When AI-generated code ships to production and causes an incident, the accountability question is genuinely unclear. The developer is on the commit but may not have read the AI output carefully. The agent produced the code but has no legal standing. The tool provider disclaims liability in the terms of service. The organization deployed the tool but did not write the code. Nobody has clear accountability, and nobody has the evidence to establish it — because per-developer AI tools leave no organizational audit trail.
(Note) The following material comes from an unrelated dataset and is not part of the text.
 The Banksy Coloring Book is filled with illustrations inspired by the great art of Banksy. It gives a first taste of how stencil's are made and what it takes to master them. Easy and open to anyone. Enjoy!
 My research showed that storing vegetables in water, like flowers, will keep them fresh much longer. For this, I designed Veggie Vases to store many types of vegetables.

The risk belongs to the organization by default, whether or not the organization has any visibility into what happened.

The accountability chain breaks with AI-generated code

Traditional code governance works because the accountability chain is clear: the developer wrote it, the reviewer approved it, both names are on the PR. When AI generates code, that chain becomes diffuse:

Accountability gap in AI-generated code
AI-generated code: who is accountable when it breaks?

  Human-written code breaks in production:
    → Developer who wrote it is on the PR
    → Reviewer who approved it is on the PR
    → Clear accountability chain

  AI-generated code breaks in production:
    → Developer accepted it (but may not have reviewed it deeply)
    → Agent wrote it (but agents are not employees)
    → Model generated it (but model providers disclaim liability)
    → Org deployed the tool (but did not author the code)
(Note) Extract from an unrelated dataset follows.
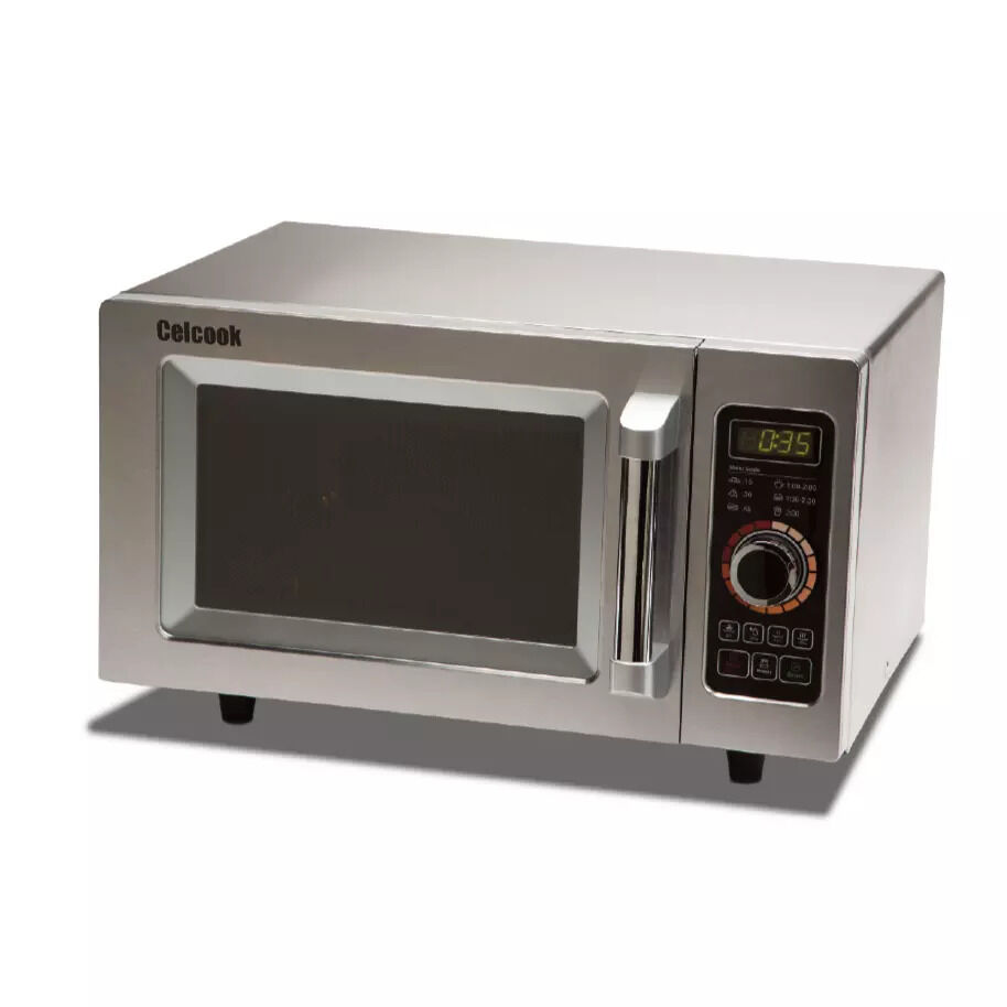 This Celcook Microwave is a commercial microwave oven equipped with digital dial timer and its programmable up to 10 menu items. It has a maximum cooking time of 60 minutes with 5 power levels and the ability to have 3 stage cooking. Output wattage shall be 1000 watts with bottom feed distribution for a uniform heating pattern. The oven will have stainless steel exterior and an interior cavity with the 25 liters (0.8 cu ft) cavity able to accommodate a 12” plate.

  Accountability: diffuse, contested, and often dropped

The accountability gap is not theoretical. It shows up in every post-incident review where AI tooling was involved: nobody can say with certainty what the agent was given as context, what alternatives it considered, or whether the developer who accepted the output actually understood it. This is the governance failure described from a speed perspective in AI coding: controlled use vs. polite chaos. Speed without proof means accountability without evidence.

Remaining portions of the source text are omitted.